I'm also not sure about the duplicate constraint validation messages, for example test_neo_source.py is giving

metadata = {'code': 'Neo.ClientError.Schema.ConstraintValidationFailed', 'message': "Node(10) already exists with label `biolink:NamedThing` and property `id` = 'A'"}

I see lots of similar messages when loading an actual kgx file, but my guess is that this might just be something to clean up for tidy output rather than an actual problem?

I don't know that it's strictly necessary for this PR, but I think it's probably worth looking at using transactions rather than just session().run() for each query.

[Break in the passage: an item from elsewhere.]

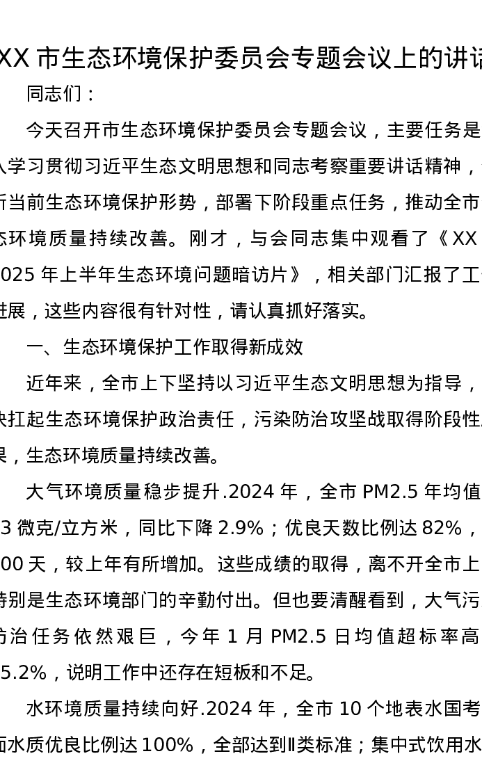 XX市生态环境保护委员会专题会议上的讲话

This has examples of defining each query as it's own function to use with transactions: https://neo4j.com/docs/python-manual/current/session-api/ which might require a bit of refactoring

They're a little less elegant, but it might be reasonable to follow this example for just declaring explicit transactions
https://singerlinks.com/2020/12/neo4j-explicit-transactions-using-python/

@kevinschaper
Copy link
Collaborator Author

Also, I just realized that the connection problem that's getting hit in the tests might actually be incompatibility with Neo4j 3.5 (uh oh)

@kevinschaper kevinschaper changed the title A start at upgrading to the neo4j client for 4.3 compatibility Switch from neo4jrestclient to neo4j for Neo4j 4.3 compatibility Oct 8, 2021
@RichardBruskiewich
Copy link
Collaborator

Also, I just realized that the connection problem that's getting hit in the tests might actually be incompatibility with Neo4j 3.5 (uh oh)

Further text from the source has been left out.